Other issues the ACLU is pursuing, Blair-Loy said, include protecting the rights of high school students to go off campus to obtain confidential medical services; challenging an Imperial city police officer who Tasered a 16-year-old in his backyard; filing an amicus curiae brief in a case claiming that it’s a violation of due process for the courts to pay defense counsel in death-penalty cases a flat fee; and a suit against the city of San Diego challenging the police department’s practice of raiding homeless people’s encampments while the homeless people themselves are being served lunch or accessing services, confiscating their shopping carts and dumping all their belongings willy-nilly into dumpsters. Blair-Loy noted that the city of Fresno recently paid a $2.5 million settlement in a similar case but “San Diego took the wrong message” from that history.
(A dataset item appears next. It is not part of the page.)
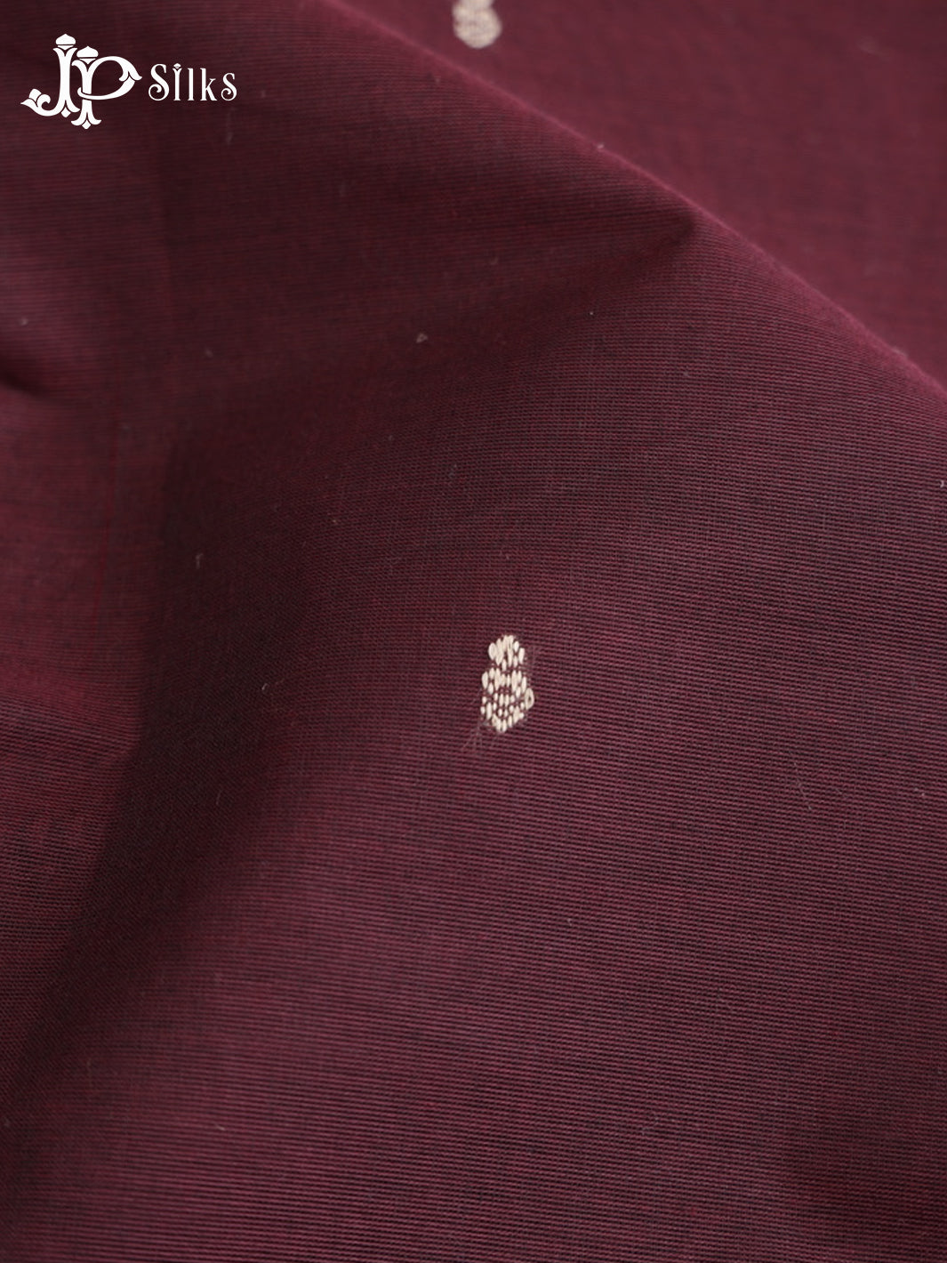 Bold Dark Pink Theni Cotton Saree from JP Silks features a vibrant dark pink body adorned with small buttas in thread weave, enhanced with chakram and zigzag designs in a gold zari border that adds striking traditional elegance. Dark pink pallu detailed with stripe lines and small buttas in thread weave brings lively continuity and graceful charm. This saree comes without a blouse. Perfect for everyday wear, temple visits, casual outings, and simple traditional occasions.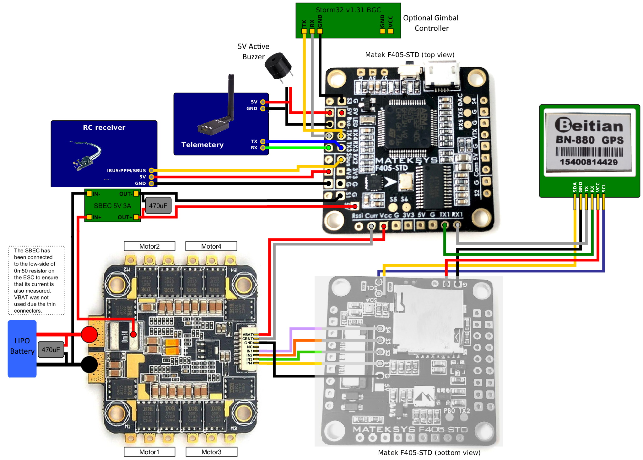 对于 -STD 版本,请使用 MatekF405-STD 类型的固件。对于带 MPU6000 的 -CTR 版本,请使用 MatekF405 型固件。对于 MatekF405-Wing 请使用专用固件。请注意,ArduPilot 默认不支持 -AIO 和 -OSD 版本,因为需要进行额外的硬件和/或软件调整。

The ACLU also elected its new board of directors for the year and gave out two “Bill of Rights Awards” to local civil-liberties activists. One, Marilyn Adams, wasn’t there to receive her award; but the other, 18-year-old Max Oglethorpe, was. A student at San Dieguito High School who plans to enter college this fall, Oglethorpe won the award for preparing Web-based maps of all the prisons, lockups, detention camps and other secure facilities in San Diego County so the families of prisoners can log onto the Internet and find their incarcerated relatives. He’s also pursuing other programs to help prisoners’ families.